Why Your Energy Starts With How You Breathe at Night
- Feb 17
- 3 min read
By Kusha Karvandi, PES, CES

What habit most improved your energy levels?
The single habit that most dramatically improved my energy levels — both personally and in my clients — is training the body to breathe through the nose during sleep.
Most people think of energy as something you manage with caffeine, supplements, or workouts. But energy is actually created at the cellular level, and oxygen efficiency plays a massive role in that process. When we breathe through the mouth during sleep, we lose carbon dioxide too rapidly. That matters because carbon dioxide isn’t just a waste gas — it’s required for oxygen to properly release from hemoglobin into the tissues (a principle known as the Bohr effect).
Chronic mouth breathing during sleep is associated with fragmented sleep, higher nighttime stress hormones, increased dehydration, and reduced nitric oxide production. Nitric oxide is critical for blood vessel dilation, oxygen delivery, and mitochondrial efficiency — all foundational to waking up feeling energized.
Mouth taping is a simple behavioral tool that helps retrain nasal breathing at night. It’s not about forcing airflow or restricting breathing — it’s about restoring a natural physiological pattern humans evolved with. When nasal breathing is restored during sleep, many people notice more stable energy throughout the day, fewer afternoon crashes, and improved mental clarity — without changing their caffeine intake.
From a performance coaching standpoint, this habit consistently outperforms more complex interventions because it works while you sleep. Better sleep architecture leads to better hormone regulation, better recovery, and better energy output the next day.
How do you define vitality beyond fitness?
Vitality is not just how strong you are or how many workouts you complete in a week. I define vitality as the ability to generate consistent energy while remaining calm, resilient, and mentally clear.
You can be fit and still feel wired, exhausted, or dependent on stimulants to function. True vitality shows up as steady focus, emotional regulation, quality sleep, and the capacity to recover quickly from stress. It’s a nervous-system concept as much as it is a physical one.
Breathing patterns are a great lens for understanding vitality because they sit at the intersection of physiology and nervous system regulation. Nasal breathing supports parasympathetic tone, nitric oxide production, and proper oxygen exchange — all of which influence how “alive” you feel throughout the day.
Vitality also includes how you wake up. If someone needs an alarm, multiple coffees, and a long warm-up period just to feel human, that’s a signal that recovery and oxygen utilization aren’t optimal — even if their workouts look impressive on paper.

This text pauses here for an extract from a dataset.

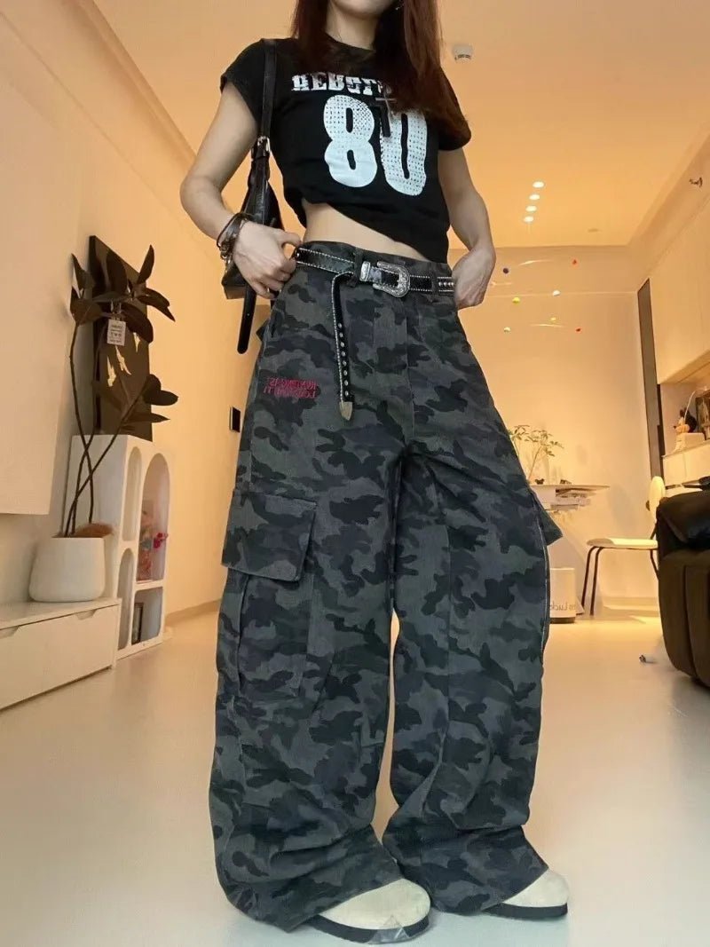 Y2K Retro Embroidered Wide-Leg Jeans for Women – High-Waisted Casual Pants

What’s one health myth you challenge?
One of the biggest myths I challenge is the idea that fatigue is normal — especially as people age.
Low energy is often normalized as “just getting older,” “being busy,” or “having kids,” when in reality it’s frequently a sign of poor sleep quality, dysfunctional breathing, or chronic nervous system activation. These are modifiable factors.
Another related myth is that more effort is always the answer. People are told to push harder, train more, or add another supplement. In many cases, the solution is actually restoring basic biological functions — like breathing through the nose, sleeping deeply, and allowing the body to recover properly.
When people fix the fundamentals, energy often returns without needing extreme interventions.